2020 saw many marketers leveraging MOPs skills across a wider net of areas including financial planning, content creation and distribution, and brand management as a way to drive agility in unpredictable times. While some, like Yadav, question whether areas such as content, creative and campaign planning would be better handled by marketers, the fact is no area in marketing can run without processes, data and technology. If seamless CX is the goal, the question to ask is — should MOPs support all of the processes, data and tech elements that add up to seamless CX? Or should they focus on strategic areas where the revenue impact is deepest, while equipping regular marketers to handle the rest?

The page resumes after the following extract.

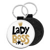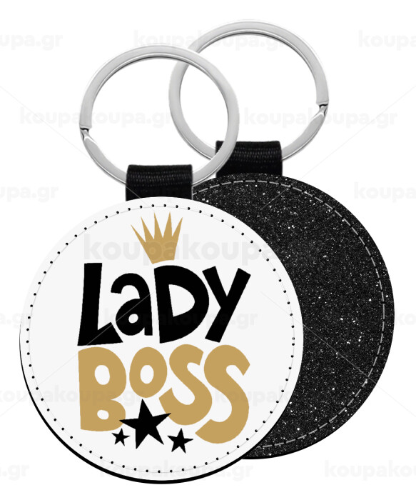 Lady Boss, Μπρελόκ Δερματίνη, στρογγυλό ΜΑΥΡΟ (5cm)

Related Article: CMOs: Your Marketing Ops Team Is a Secret Weapon

3. Driving Optimal Value From the Marketing Ops Team

Despite its strategic value, marketing ops doesn't always get its due in terms of being included early and deeply into strategic marketing conversations. “The CMO must build and coach the marketing ops team to be a vocal contributor to the overall success of the marketing team,” said Narayan. DePaul echoed this, calling it a mistake for marketers to treat ops as some version of a helpdesk. “Ops people are problem solvers at heart so there's no better place to dig into an issue or figure out a solution. But it's important to think about the long-term, big picture of a situation rather than use MOPs as a quick-fix resource. Include MOPs in cross-functional planning, create a roadmap, and stick to it,” she added.

Aside from governing and execution, Narayan underlined the crucial bridging role MOPs often play. “Automating and governing various marketing processes (especially data flow) end-to-end, means MOPs will often act as a liaison between the GTM team and IT, compliance, governance, analytics, and other technical stakeholders.”

Qaqish has the last word. “The most common mistake I see is treating marketing ops as tactical button pushers who have nothing to add to the strategic dialog.  Whenever I see a marketing ops group that sits in the IT department, I know they will not be successful.”